1MS (Ayu.), FMAS (Private Practitioner), India.
2Assistant Professor of Shalya Tantra, GJ Patel Ayurveda College, India.
3HOD of Shalyatantra, ITRA, Jamnagar, India.
*Corresponding Author : Priyal Ghoniya
MS (Ayu.), FMAS (Private Practitioner), India.
Email: [email protected]
Received : Jun 18, 2024
Accepted : Jul 01, 2024
Published : Jul 08, 2024
Archived : www.jcimcr.org
Copyright : © Ghoniya P (2024).
Lipoma are benign adipose tumor which usually present in the subcutaneous tissues. Lipomas are characterized as slow-growing, soft, mobile, round and asymptomatic masses on the head, neck, shoulders, and the back. They usually develop between the ages of 40-60. Apart from these common locations this universal benign tumour can be observed at some rare location is planter aspect of foot [1]. Groin lipoma is a rare condition. This benign tumour (i.e. lipoma) never converts in malignant so patients ignore it and lastly presented with big cystic swelling.
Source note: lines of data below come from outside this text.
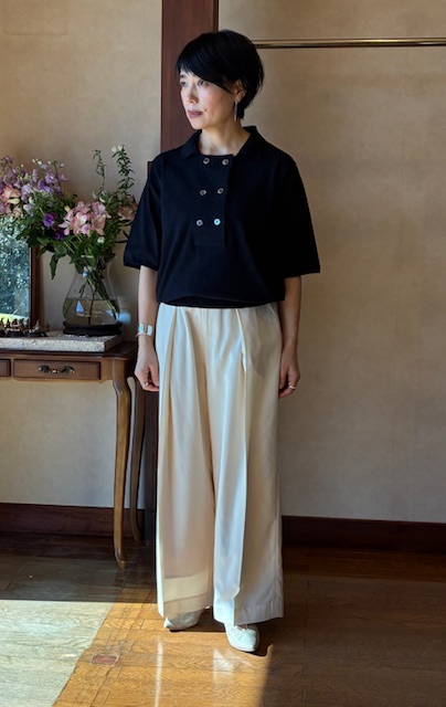 LINEUP ポロニット Women'sTops ソフトな肌触りととろみのあるハイゲージニットを使用したポロニット。シワになりにくく速乾性があるのが特徴。メンズライクになりがちなポロをオープンダブル仕様に襟をスクエアに開けることで、女性らしさを引き立てます。 ポリエステル53% コットン28% ナイロン15% ポリウレタン4% 品名ポロニット 品番NT-1520IK ブランド IKITSUKE サイズ 38 カラー ブラック 価格 ¥19,800(税込) この商品について問い合わせる 商品 お名前(必須) メールアドレス(必須) お問い合わせ内容(必須) このサイトはreCAPTCHAによって保護されており、Googleプライバシーポリシーと利用規約が適用されます。 シェア 投稿 ブックマーク LINE Pinterest コピー HOME LINEUP IKITSUKE ポロニット
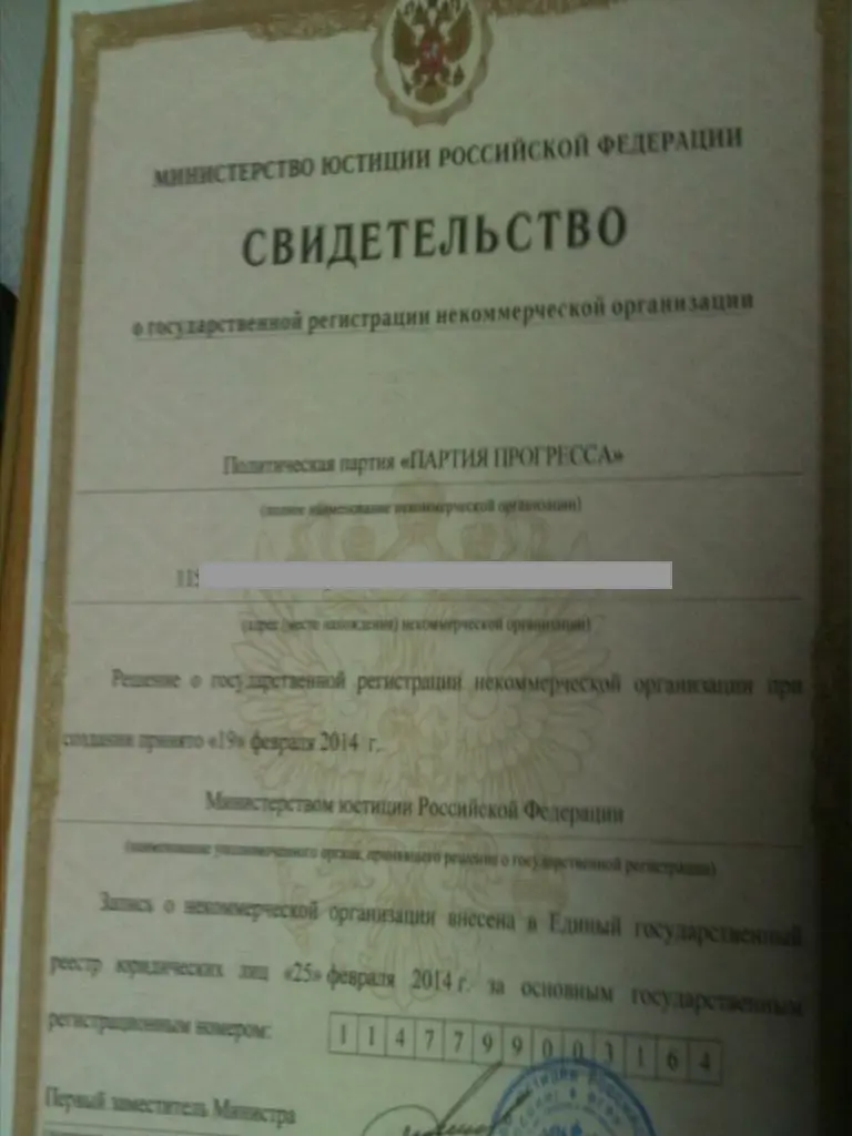 Министерство юстиции зарегистрировало Партию прогресса, которую возглавляет оппозиционер Алексей Навальный. Фотография свидетельства о регистрации опубликована в твиттере телеканала «Дождь».
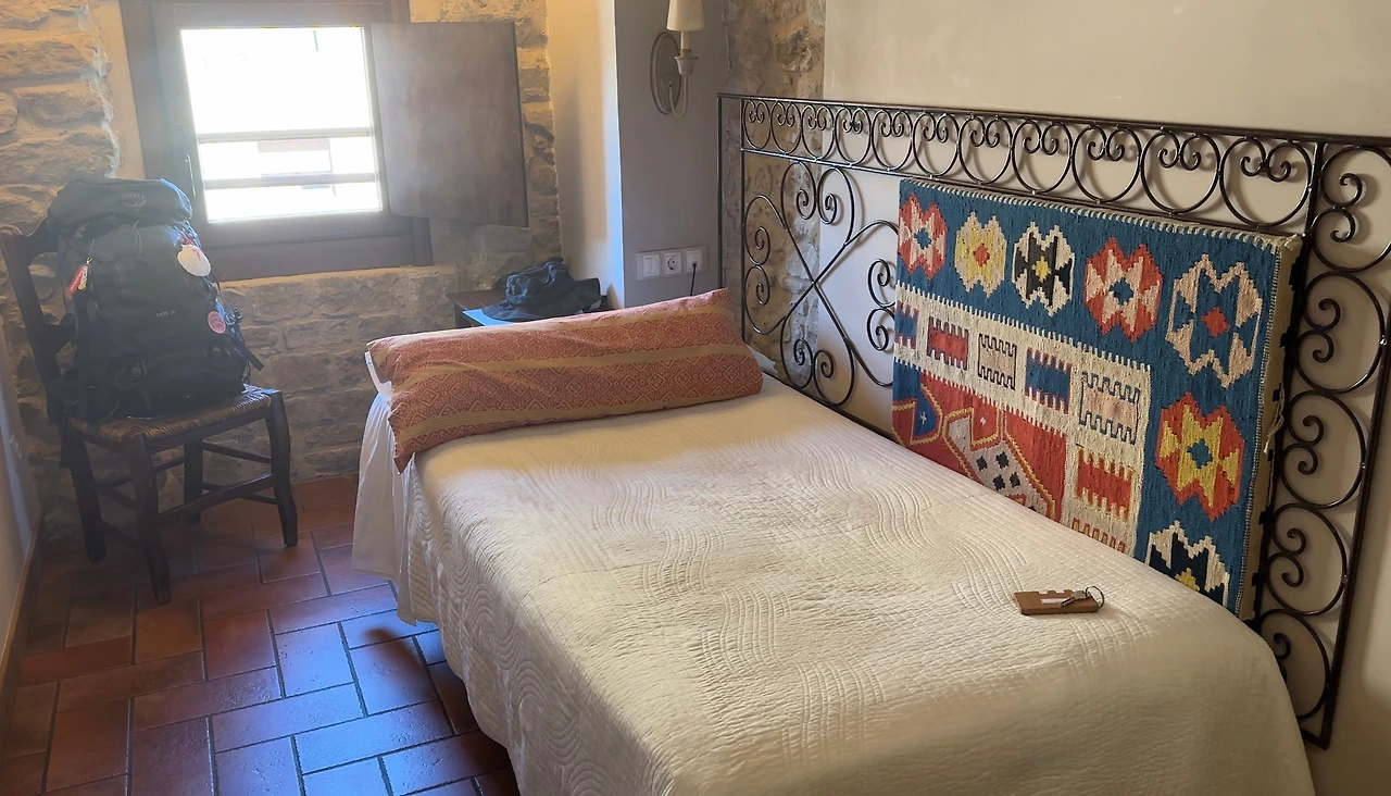 오늘은 산티아고 순례길을 걸은 지 4일 차에 드디어 호텔에서 개인실을 쓰는 날이라 걸음이 더 가벼웠던 것 같다. 내가 숙소비로 200만 원을 넘게 쓴 이유가 이제 조금씩 설명이 가능해지기 시작하는 날이다. 7만 3천 원(52유로)을 주고 El cerco라는 곳에 머물렀는데 일단 로비가 모던해서 느낌이 좋았다. 여러 명이 같이 묵는 숙소가 아니다 보니 사람들이 북적이지도 않고 나만 혼자 조용히 체크인을 하고 룸키를 받아 올라갔다. 생각한 것보다 방은 작았고 침대도 정말 딱 1인용 침대였지만 들어가자마자 에어컨을 켜고 누우니 세상이 다 내 것 같았다. 개인방, 개인욕실에 샤워젤, 샴푸도 있고 수건까지 있다니 그동안 비행을 하며 정말 좋다는 호텔에서 수많은 레이오버를 했지만 오늘은 최소한의 것들만을 갖춘 이곳이 세상에서 제일 멋진 곳으로 느껴진다. 짐을 푸는 것도 소음과 공간 신경 쓰지 않고 다 열어 널부러두고, 샤워도 개인욕실에서 신경 쓸 것 없이 오래 하고, 소리 죽일 것 없이 마음껏 통화도 하니 여기가 천국이구나 싶다. 3일 동안 다른 사람들과 시설을 공유하며 써오던 중 4일 차에 개인실이라, 매우 적절한 시점인 것 같다. 오늘은 제대로 긴장을 풀고 편하게 잘 쉬어갈 수 있을 것 같다.
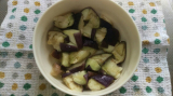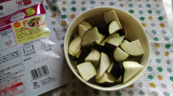 1)なす2本(約200g)を一口大の乱切りにし、耐熱皿に入れラップする。
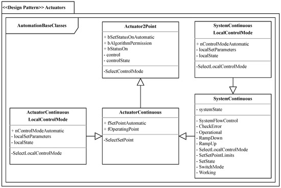 The design pattern actuators derives from the AutomationBaseClasses, as we outlined in [16,20]. This pattern falls under the behavioral category, focusing on interactions among objects, see Section 3. Hence, its application is specifically related to objects. Technical components that manipulate process inputs are commonly called actuators. They normally need electrical, hydraulic, or pneumatic support energy [45] (p. 441). Following our work in [16] (p. 218), actuators can either adjust processes discretely (2 point) or continually. The design pattern actuators can be applied to all discrete and continuous actuators. In Figure 2, it is shown that a state-of-the-art heating and cooling system has several actuators. These actuators have to be the implemented to be accessed by the automation program. The abstract heating and cooling system already includes four pumps and four control valves. While different specifications may apply to each actuator, ultimately, every pump and control valve must be implemented similarly. In Figure 4, the structure of the design pattern is depicted in a UML package diagram. It consists of the classes ActuatorContinuous, which is derived from the Actuator2Point class, the ActuatorContinuous LocalControlMode class, and the SystemContinuous class, both derived from the ActuatorContinuous class, and the SystemContinuous LocalControlMode class, which is derived from the SystemContinuous class.

A 43 years male patient came to OPD of Shalya Tantra at ITRA, Jamnagar with the complaint of recurrent painful boil at perianal region with pus discharge since 6 months [2]. On local examination patient was diagnosed as perianal abscess. During local examination, painless cystic swelling was found at left groin (Figure 1). Then detailed history was taken about that swelling which was present since 3-4 years. On local examination, single, soft, pedunculated cystic swelling was found which was movable. Trans-illumination test was negative. On the basis of clinical findings and appearance, it is difficult to diagnose. So patient was advised for USG Local part (Left Groin) which suggests Lipoma. Then patients was advised to admitted for the further management of perianal abscess and Lipoma in groin. Under spinal anesthesia, perianal abscess was drained and Lipoma was excised with surgical blade no. 15 followed by electrocautery (Figures 2,3). After that subcutaneous interrupted suturing done with Vicryl 2-0 followed by skin closure with Ethilon 3-0 inturrupted suture (Figure 4). Then the patient was shifted to ward with stable vitals. After 3-4 days, patient came with burst wound at left groin. On examination, slough was present at the floor of wound (Figure 5). Patient was advised for regular dressing and wound was kept open for secondary healing as site was not appropriate for suturing. The case was managed with regular cleaning and dressing with Jatyadi Taila. Wound was completely healed after 15 days (Figure 6).